An elderly man calls his son who lives in the big city and says: “I hate to ruin your day, but I have to tell you that your mother and I are divorcing, forty-five years of misery is enough”.
“Pop, what are you talking about?” the son yells.
“We can’t stand the sight of each other any longer,” the old man says. “We’re sick of each other, and I’m sick of talking about this, so you call your sister and tell her.”
Frantic, the son calls his sister, who explodes on the phone. “Like heck they’re getting divorced,” she shouts. “I’ll take care of this.”
She calls her parents immediately, and says to her father: “You are not getting divorced. Don’t do a single thing until I get there. I’m calling my brother back, and we’ll both be there tomorrow. Until then, don’t do a thing, do you hear me?!”
The old man hangs up his phone and turns to his wife. “Okay,” he says. “They’re coming for our anniversary and paying their own fares. Now what do we tell them for your birthday?”
A boss was testing his new employees. He said: “We are very keen on cleanliness.
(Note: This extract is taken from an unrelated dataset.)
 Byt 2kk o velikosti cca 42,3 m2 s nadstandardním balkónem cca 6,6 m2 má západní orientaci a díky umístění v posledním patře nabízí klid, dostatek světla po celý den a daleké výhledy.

Did you wipe your feet on the mat as you came in?”
The new employee answered: “Yes, sir”.
“We are also keen on truthfulness,” the boss said. “There is no mat”.
There once was a man who was so proud of the fact that he had six kids that he insisted on calling his wife “mother-of-six”. His wife hated this name and asked him repeatedly not to call her that, but he was a stubborn man and was very proud that he had six kids.
One evening they were at a dinner party for his company and it was getting close to the time that they should be leaving. The husband yelled from across the room over to his wife: “Mother of six, are you ready to go?”
Annoyed with his question, she responded: “In a minute, father of four”.